Yes, we have had some terrible times. But those were almost never with Jami herself. They were with her addiction. I can see the difference now. 
Jami IS  the one that no matter what is going on if I say, Help me! She is here.  Jeremy is that, too. But of my daughters, Jami is faithful. Jess does more and more to take care of me, too, but this is Jamison's spotlight. 
Jami's addiction effects every aspect of her life and everyone connected to her. But it is Not everything she is about  I believe Jami hates her addiction even more than the rest of us do and I would give anything to free her of it.

This is something that has bothered me for about 20 years, sometimes I feel I am close to understanding it and other times I am just totally lost.
For the last 10 years or so I have had this idea that if I just kept loving Jami, just kept showing her that the things she says and believes about me can't possibly be true, that one day she would wake up and see me, her mother. Back to that in a minute.  

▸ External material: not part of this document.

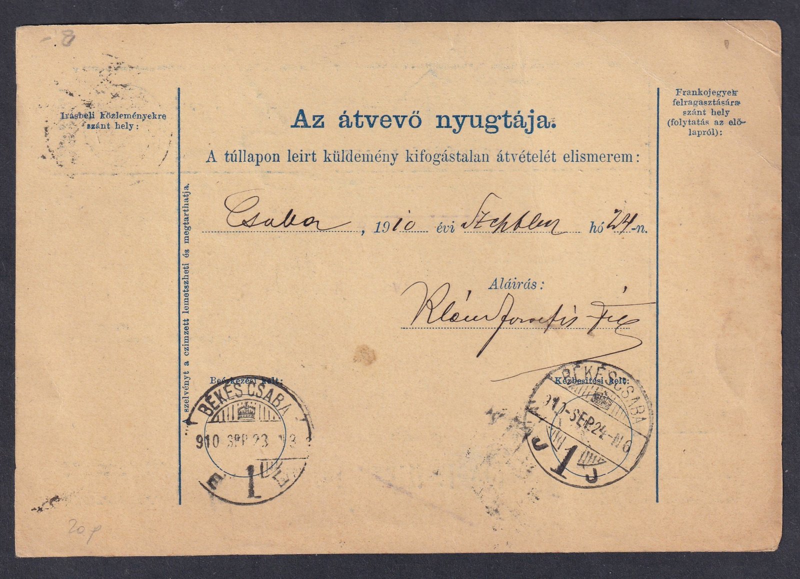 1910. Pozsony – Békéscsabára feladott szállítólevél

I have found out that most of the stories she tells that blame me for her life are extremely common, some verbatim,  with other addicts. It's not even to explain/excuse to the world their addiction. It is usually mostly to explain it to themselves. With a world just waking up to know that addiction is a Disease, they needed a way to understand what had happened to them. They Know they aren't "bad" people but they have to find a way in their minds to explain their addiction. Until recently when addiction was declared a Disease,  many desperately needed an explanation. It is easier to tell people they were abused in some way, hurt, damaged, that nadectgrm turn to drugs to relieve the pain.
I would give a Lot to have understood that from the beginning!!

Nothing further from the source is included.